Problem ▸ Please write out all of the data below exactly, without including the pictures.

Data extract ▸
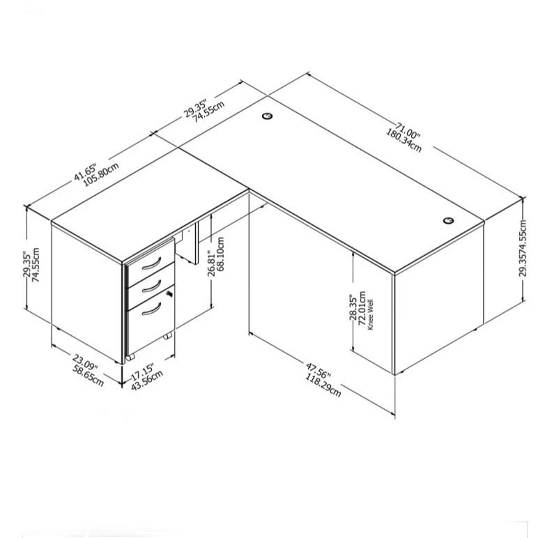 * L Shaped Desk surface offers space to spread out and integrated cable management to conceal computer cords
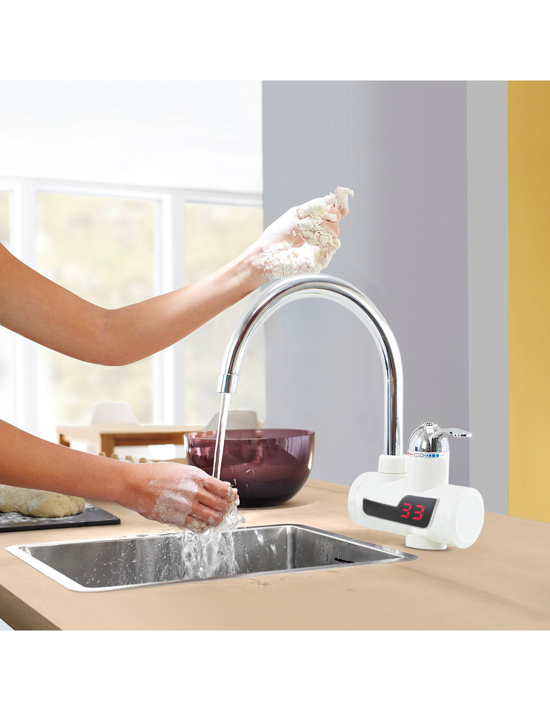 Grazie a questo rubinetto elettrico potrai avere acqua calda istantaneamente, riducendo in maniera drastica il tuo consumo di acqua e risparmierai molto tempo per ottenere la temperatura da te desiderata: ti basterà collegare questo rubinetto alla presa della corrente, attendere che la spia si accenda e aprendo l'acqua otterrai subito la l'acqua calda senza sprechi!
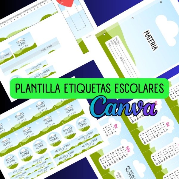 Kit digital de etiquetas escolares editables en Canva, ideal para personalizar y vender productos escolares terminados.
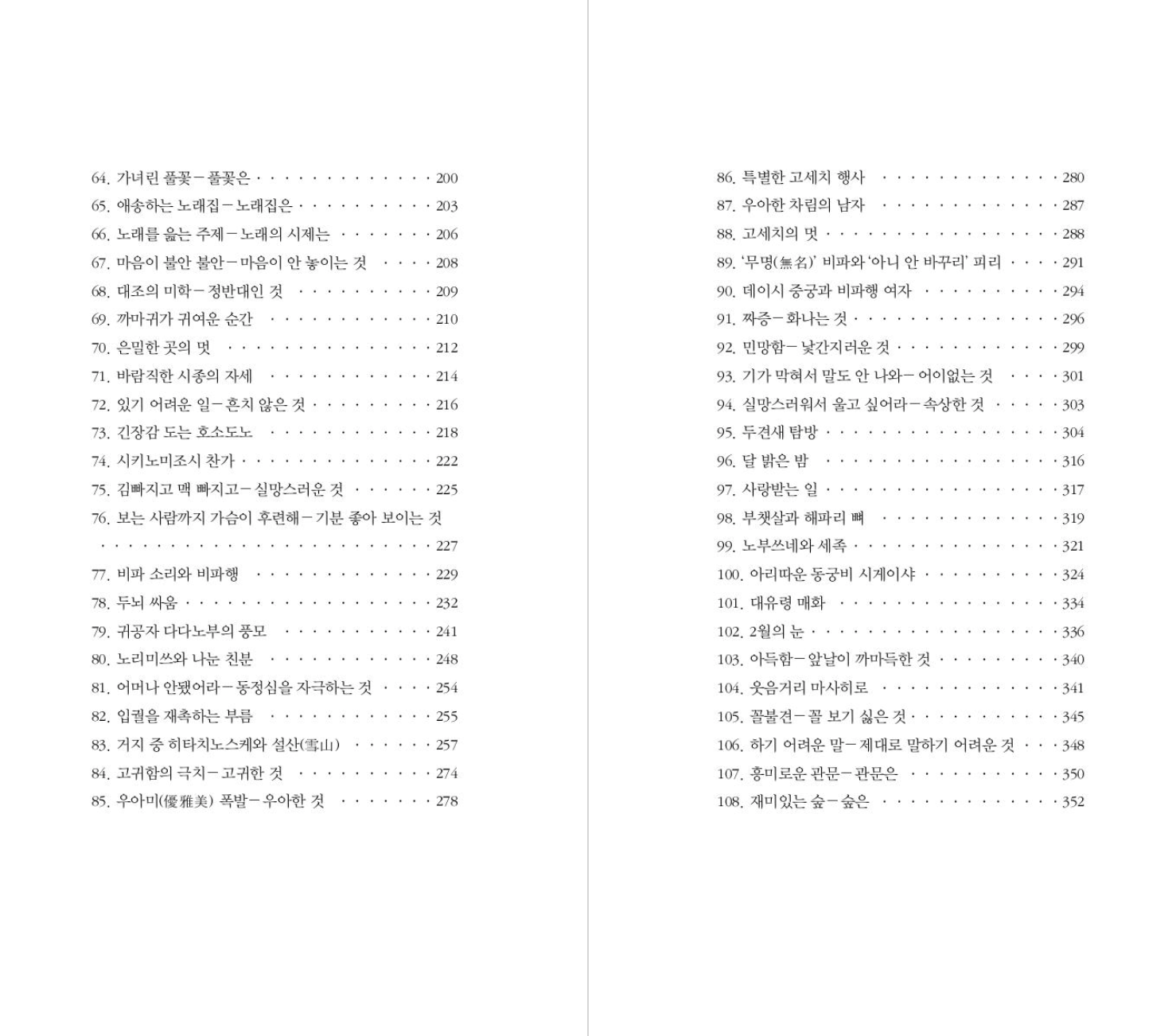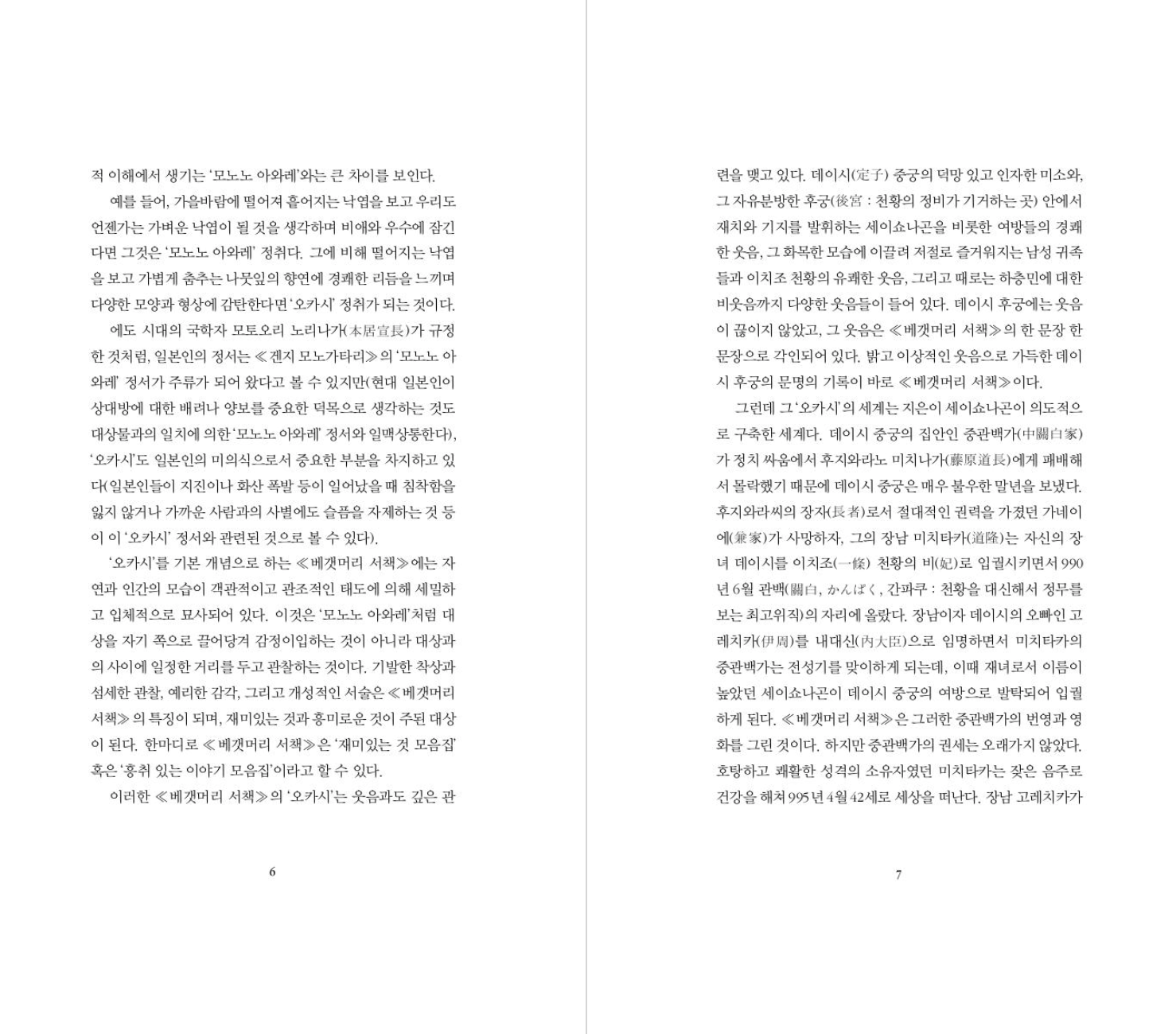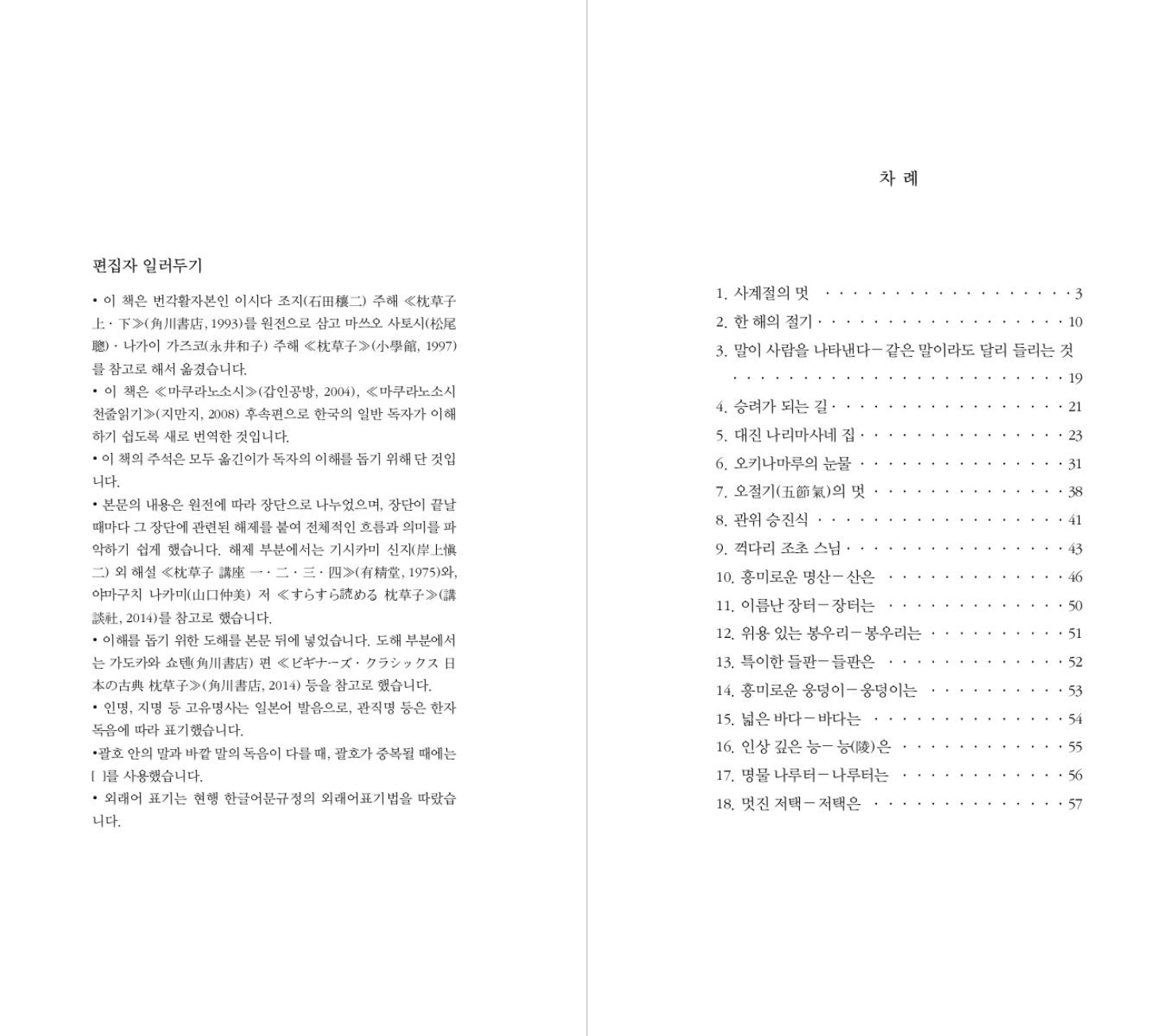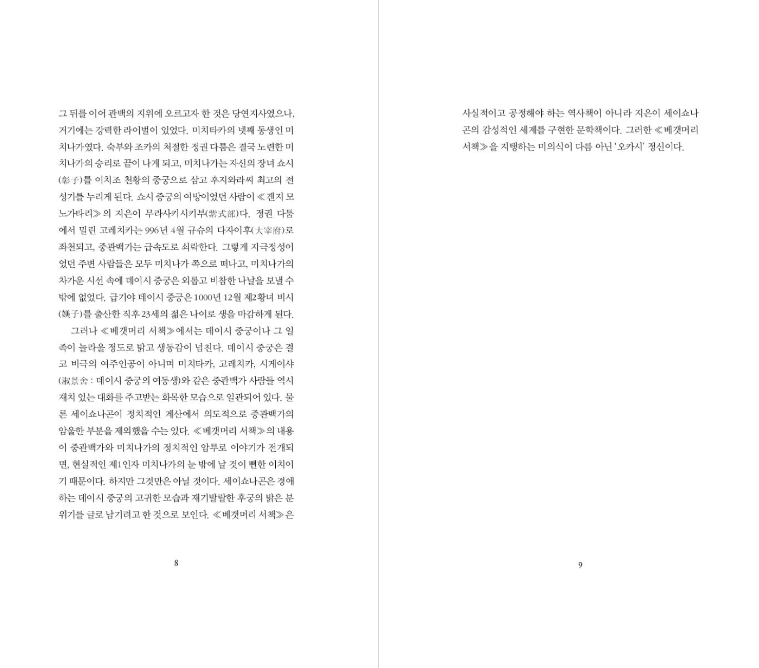일본 수필 문학의 효시인 ≪마쿠라노소시(枕草子)≫를 완역했다. 세이쇼나곤은 객관적인 시각과 경쾌하고 간결한 문장으로 독창적인 리얼리즘을 낳았다. 헤이안 시대, 화려함의 극치인 궁중 문화와 운치로 가득한 귀족들의 생활 모습을 엿볼 수 있다.

Written response ▸
 * L Shaped Desk surface offers space to spread out and integrated cable management to conceal computer cords
 Grazie a questo rubinetto elettrico potrai avere acqua calda istantaneamente, riducendo in maniera drastica il tuo consumo di acqua e risparmierai molto tempo per ottenere la temperatura da te desiderata: ti basterà collegare questo rubinetto alla presa della corrente, attendere che la spia si accenda e aprendo l'acqua otterrai subito la l'acqua calda senza sprechi!
 Kit digital de etiquetas escolares editables en Canva, ideal para personalizar y vender productos escolares terminados.
일본 수필 문학의 효시인 ≪마쿠라노소시(枕草子)≫를 완역했다. 세이쇼나곤은 객관적인 시각과 경쾌하고 간결한 문장으로 독창적인 리얼리즘을 낳았다. 헤이안 시대, 화려함의 극치인 궁중 문화와 운치로 가득한 귀족들의 생활 모습을 엿볼 수 있다.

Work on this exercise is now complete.